DHS defines a “DNA test result” as a testing entity’s “ultimate scientific conclusion … as to the claimed genetic relationship” based on a comparison of two partial DNA profiles, yet the proposed rule does not identify what type of information will be contained in the profiles themselves. Importantly, the rule does not exclude the possibility that DNA results could include whole genome or whole exome sequencing, making any distinctions in the treatment of “raw DNA” and “DNA test results” meaningless.
Although the agency states that it currently profiles between 16 and 24 genetic markers for genetic relationship testing, it neither specifies those markers nor limits their future analysis from including a much more expansive profile. As the cost of whole genome sequencing plummets, it may become commonplace for DNA test results to include whole genome sequencing, enabling probes for genetic markers of interest. DHS claims that the test to confirm genetic relationships “does not reveal medical or hereditary conditions,” but it provides no such assurance for the markers contained in partial DNA profiles, which may be retained and shared alongside the test results and could be used to conduct other, unrelated “tests.”
In addition, although DHS claims in the preamble to its proposed rule that test results would only be used for the “original purpose of submission,”—that is, proving a genealogical relationship—the text of the proposed rule itself contains no such limiting language. Instead, it permits DHS to “store and … share DNA test results, which include a partial DNA profile, for immigration adjudication purposes or for law enforcement purposes.” This kind of sweeping language is alarming.
Genomic science is evolving rapidly, and there is much we still do not know about the information contained in each genetic marker and how these markers relate to one another and transcend generations. These are complicated technical questions of science and ethics that require thoughtful deliberation, a robust plan for biometric data security, and regulations on secondary uses of genetic data.
Given the seriousness of these issues, it is troubling that DHS released such a sweeping yet vague proposal with only 30 days for public comment. This was a short window for the public to process the 85-page proposed rule, a document which—in spite of its density—provided no precise details on the process or protection of genetic data.

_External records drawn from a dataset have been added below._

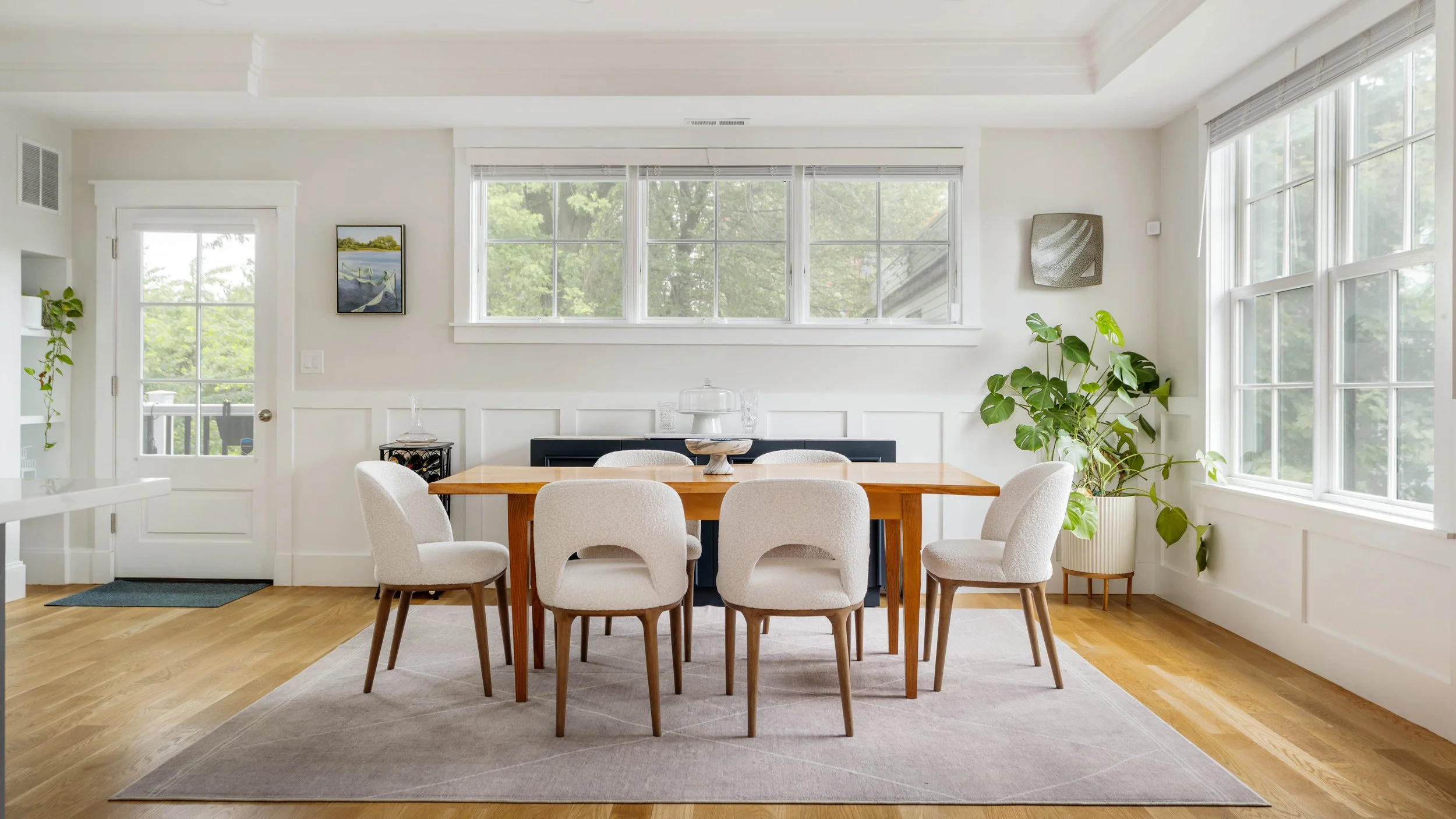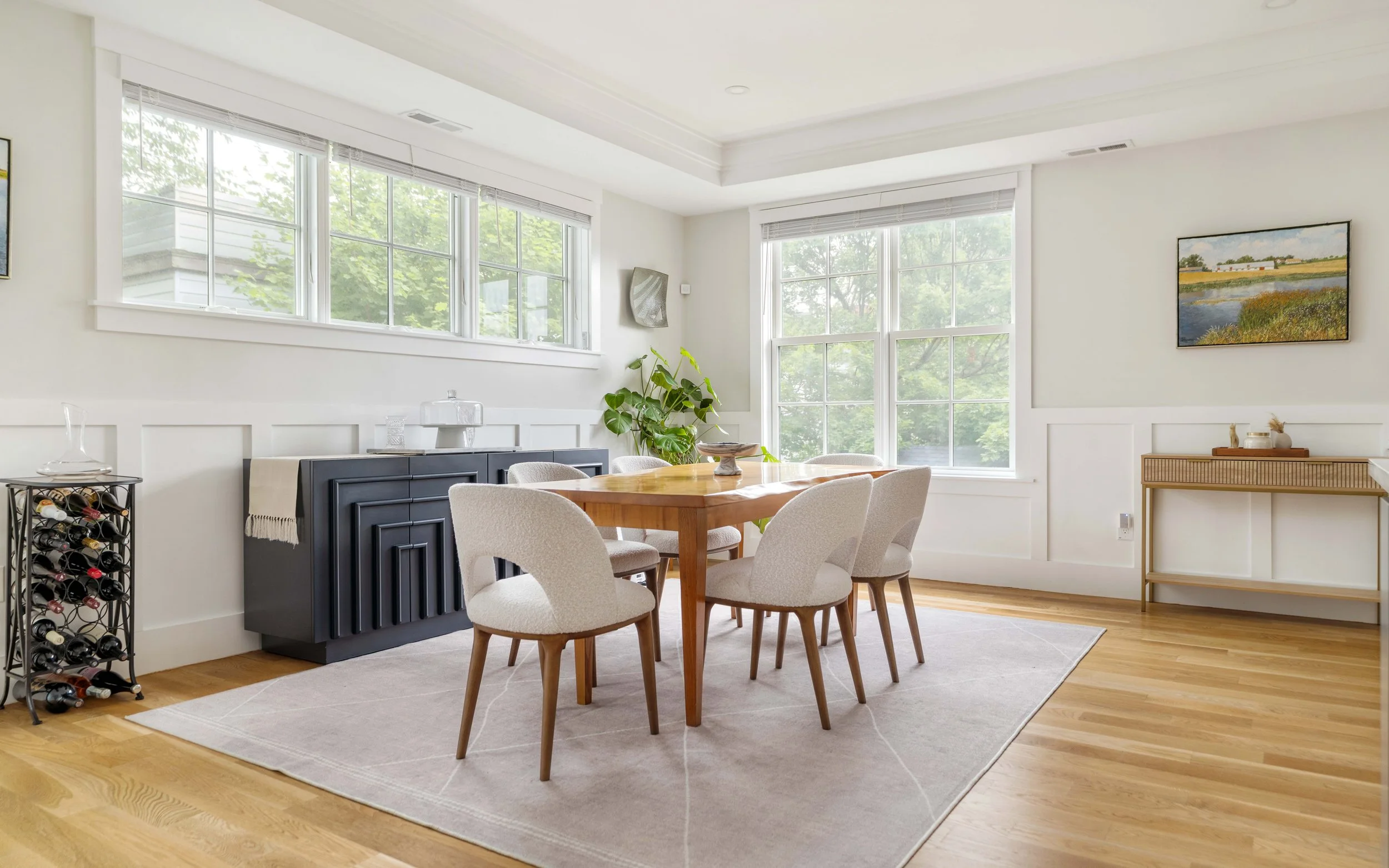 Adjacent to the kitchen is the spacious dining room complete with custom wall-paneling, large windows, a custom built-in, and direct access to the exclusive back deck.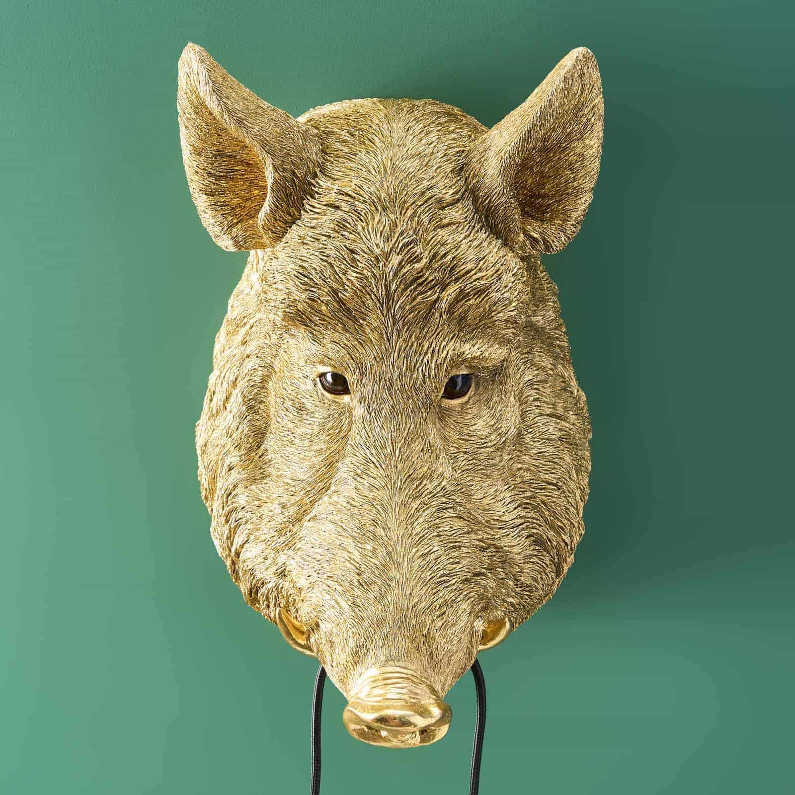 Wandleuchte Wildschwein / Schwein Willy, gold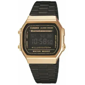 A Casio A168WEGB-1BEF uniszex karóra a klasszikus digitális stílust ötvözi modern megjelenéssel. Az aranyszínű tok és a fekete rozsdamentes acél szíj elegáns, mégis könnyen viselhető összhatást ad, így hétköznapi és alkalmi öltözékhez is remek választás. A jól olvasható digitális kijelző gyorsan megmutatja az időt, a dátumot és a hét napját, LED-világítással pedig gyengébb fényviszonyok között is kényelmesen használható.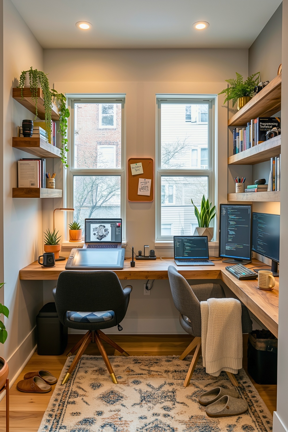 When space is at a premium, I find that tucking two workstations into a narrow alcove under twin windows is a total game-changer for focus. These rustic floating shelves provide essential storage without making the walls feel crowded, creating an efficient dual setup for a tiny apartment. My favorite part is how the natural light keeps the mood high even when the workload is heavy.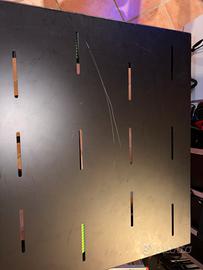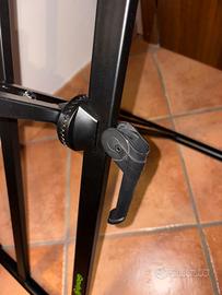 Tavolo/supporto per DJ o tastiera Incluso telo nero per coprire cavi e supporto ad X Materiale: acciaio Superficie: Rivestimento a polvere nero Colore: Nero Max. profondità supporti: 480 mm Altezza max: 43 mm Larghezza: 1000 mm Profondità: 465 mm Carico massimo (ogni supporto): 60 kg Adatto per tubi del diametro: 25 - 35 mm Peso: 13,62 kg, 6,62 kg L’articolo presenta segni di usura come visibile in foto…graffio superfice del tavolo e cerniera della borsa per il trasporto PREZZO LEGGERMENTE TRATTABILE NO PERDITEMPO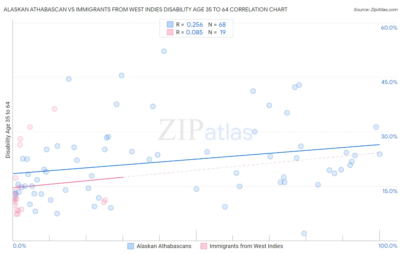 Alaskan Athabascan vs Immigrants from West Indies Disability Age 35 to 64 Correlation Chart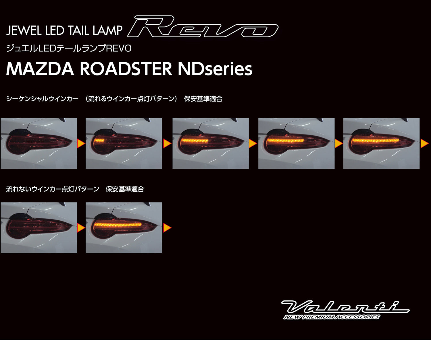 | Product Description | A new lineup will be added to the "REVO" series. The compatible model is the popular Mazda Roadster / Roadster RF (ND series), and it is a long-awaited new model tail lamp that uses a flowing turn signal! ■Sequential blinker (flowing blinker) adoption! *Compliant with safety standards Adopted "sequential blinker" that complies with safety standards in Japan due to revision of law! It also complies with safety standards, and can be easily changed to "flow" or "do not flow" simply by changing some wiring connections. ■We adopt high brightness 120LED & 4LED light bar! The slim and long design light bar gives a sporty rear view. An all-LED model that uses high-brightness LEDs for all of the small 36 LEDs/brake 54 LEDs and blinker 30 LEDs per side. In addition, the brake lamps are designed so that the LED chips are not directly visible, giving a more stylish impression even when the lights are off. ■Two color variations that you can choose according to your preference and vehicle! Two tail lamp body colors: Red lens/black Light smoke/black The garnish part can be painted to the body color etc. according to your preference. Explanation image of the garnish part (At the time of shipment, the color of the unpainted material is black.) |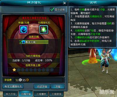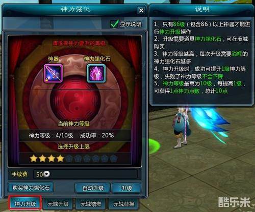 每把神器都拥有1级的初始神力等级,前往凌霄城NPC“黄悦玲”处选择“神力升级”选项,使道具“神力强化石”便可提升神器的神力等级,神力等级上限10级,道具“神力强化石”在10人团队副本“芦笛洞”、“福禄洞”中产出。神力等级每升1级神器点数增加1点,每把神器的神力点数上限为10点。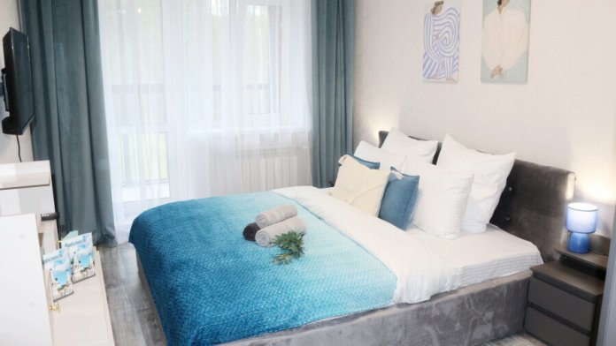 Квартира рассчитана на 6 гостей: Особо-широкая кровать «King-Size», с качественным ортопедическим матрасом для идеального сна. И 2 дивана-кровати, каждый на 2 человек. Постельное белье - красивый полосатый страйп-сатин.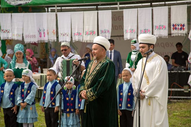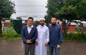 Танылган шәех белән очрашуга район имамнары, Югары Ослан гимназиясе укучылар, мәхәллә халкы һәм...
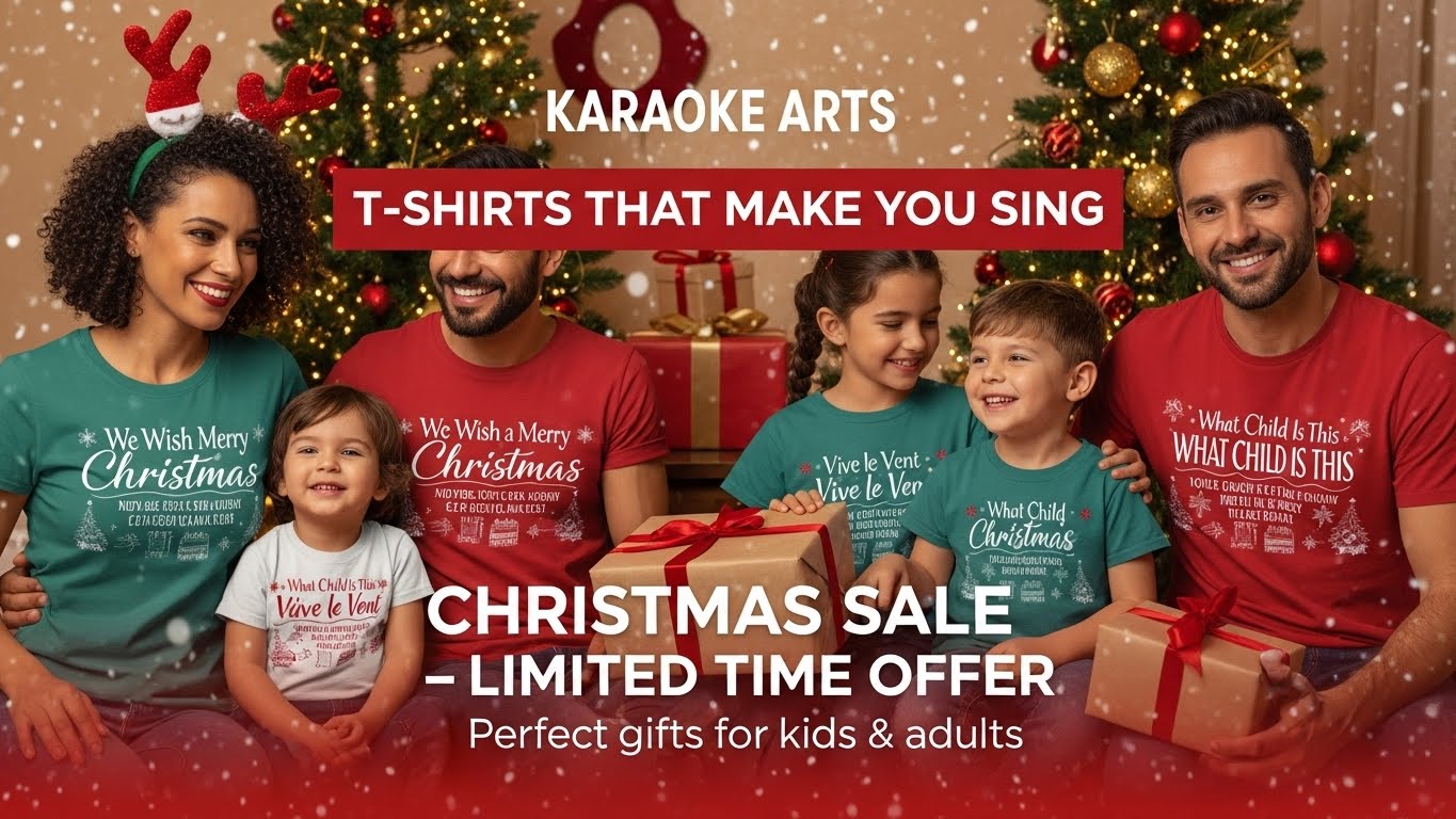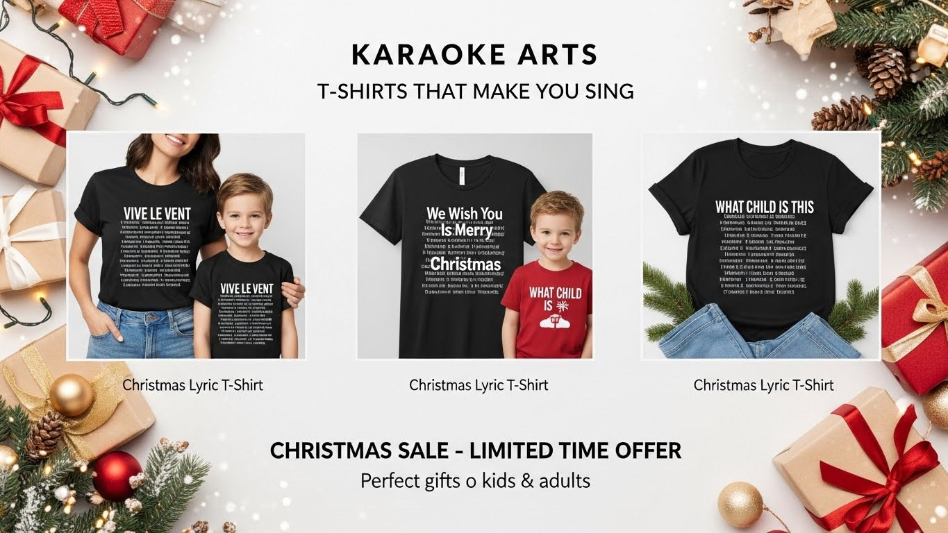 At KARAOKE ART, we are dedicated to bringing the joy of music and the magic of Christmas into every home. Our passion is creating high-quality, festive lyric T-shirts for kids and adults that combine style, comfort, and holiday cheer. From classic carols to beloved French and English Christmas songs, our mission is to make every family gathering, party, and holiday moment more memorable. With printed-on-demand care and attention to detail, we turn your favorite songs into wearable art that spreads joy, celebration, and the spirit of Christmas.

Moving forward, DHS must specify how it will collect, test, use, and store individuals’ DNA for the purposes of immigration adjudication and enforcement. The agency should limit its use of DNA to the analysis of particular loci (genetic markers), be transparent about which loci it uses and for what specific purposes, and put in place clear policies on the retention and disposal of this sensitive information.
DNA is only one part of a broader biometric surveillance program that is expanding each year to include millions more non-citizens and U.S. citizens. When genetic information is included in multimodal, interoperable databases alongside other biometric, biographical, and social media data, the agencies holding that information have an obligation to protect these data and precisely define the parameters of their use. DHS’s proposed rule falls far short of this obligation, and future rulemaking should provide greater precision and transparency to ensure more ethical biometric governance.